# Delta 8



## Richard Labuschagne (26/7/22)

Hello All 
Has anybody tried tried Delta 8 and what are your thoughts around Delta 8 
1. Legalities
2. Taste 
3. Delivery device either vape/ disposable or edibles
4. Knowledge on Delta 8 
5. Availability
6.,cost maybe 
7, Dangers what have your herd?
Thank you all for your input 
Regards
Richard

Reactions: Like 1


----------



## DarthBranMuffin (26/7/22)

@JurgensSt 
@LeislB 
@Hydraujac_Vaper 

(https://inkdvapor.co.za/product-category/delta-8/)

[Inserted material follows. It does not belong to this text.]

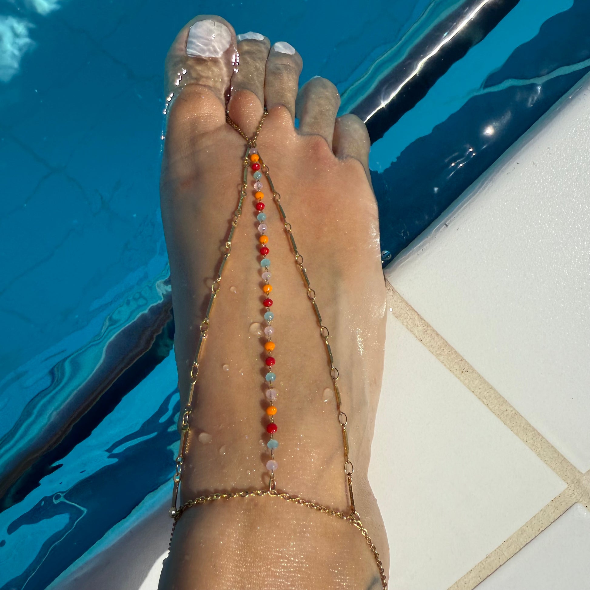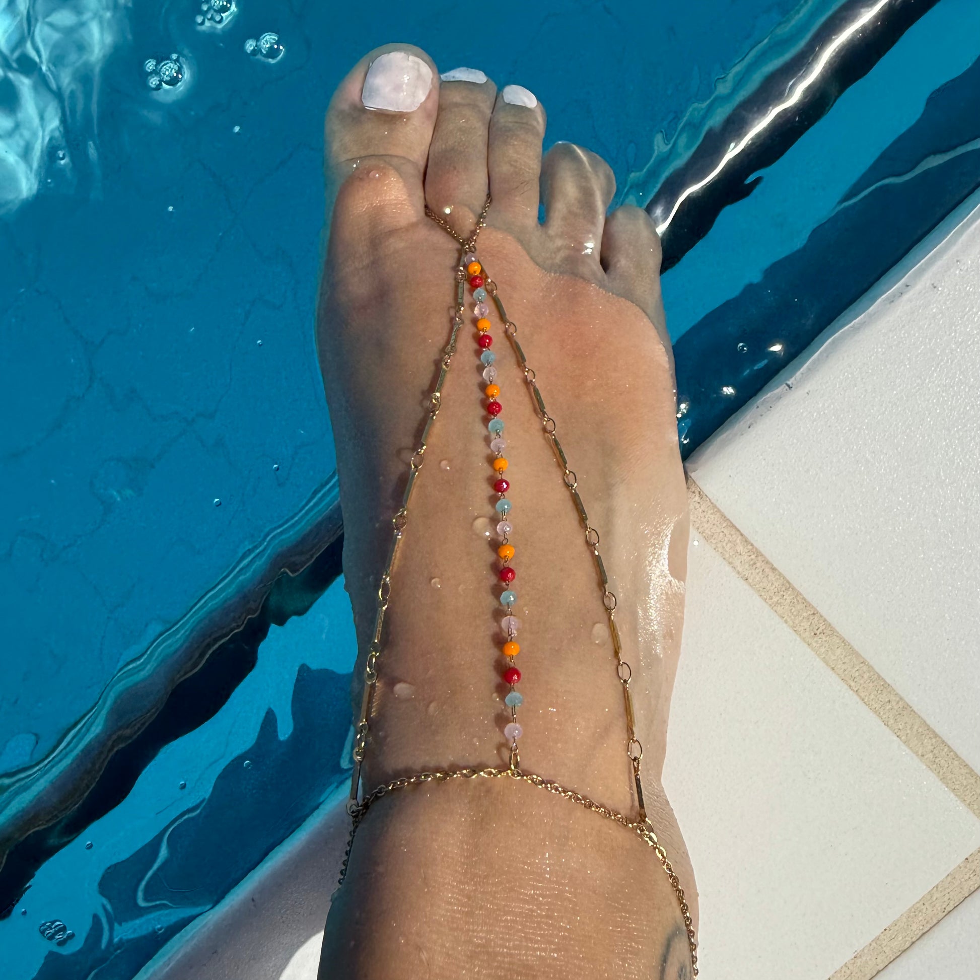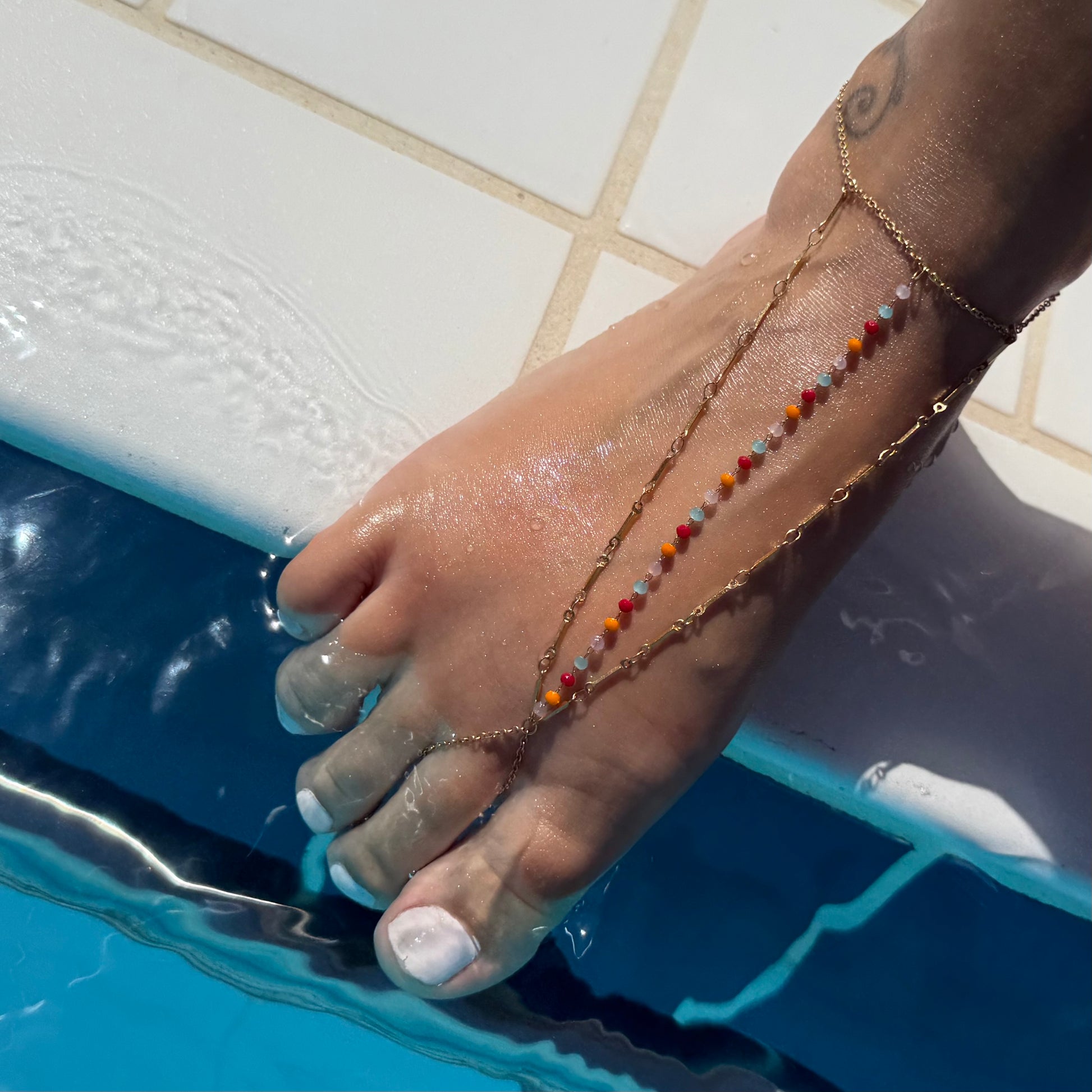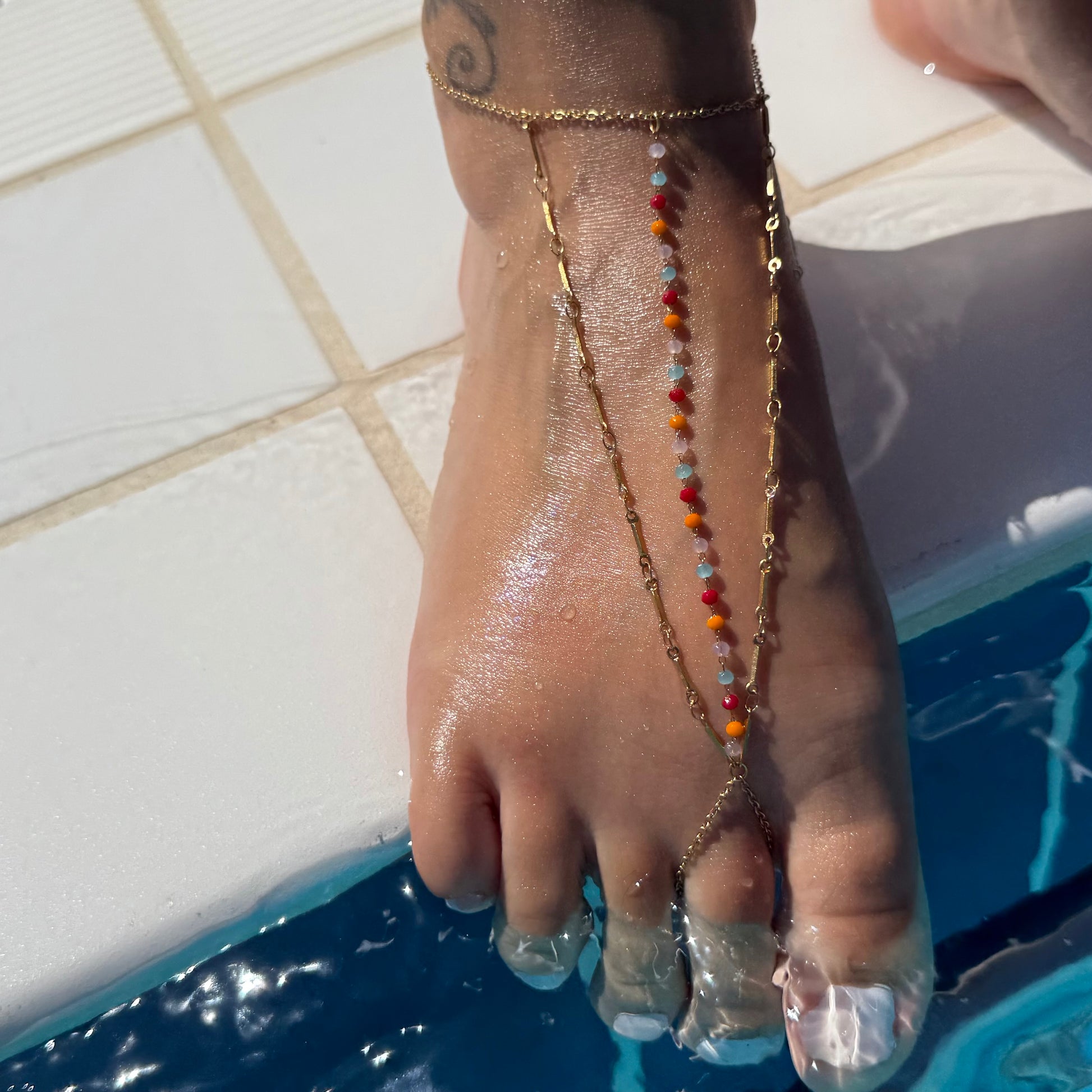 Bijou de pied composé de 3 lignes graphiques dorées dont une en perles colorées, pour un rendu très estival.

Reactions: Like 1 | Winner 1


----------



## vicTor (27/7/22)

@Mauritz55

Reactions: Winner 1


----------



## Munro31 (27/7/22)

I'm not sure about legalities, but after 3 pulls you also don't care! They definitely work

Reactions: Like 1 | Funny 5


----------



## LeislB (30/7/22)

Richard Labuschagne said:


> Hello All
> Has anybody tried tried Delta 8 and what are your thoughts around Delta 8
> 1. Legalities
> 2. Taste
> ...


Hi there. My tolerance is too high so I unfortunately don't feel anything but they definitely work. I think the juice is made from only PG as the delta 8 concentrate is so viscous. The high PG makes me cough, I'm not sure about your sensitivity to it. 

A great and convenient product if you can use it.

Reactions: Like 1


----------



## Richard Labuschagne (30/7/22)

Hi 
Thank you for your feedback much appriciated.


----------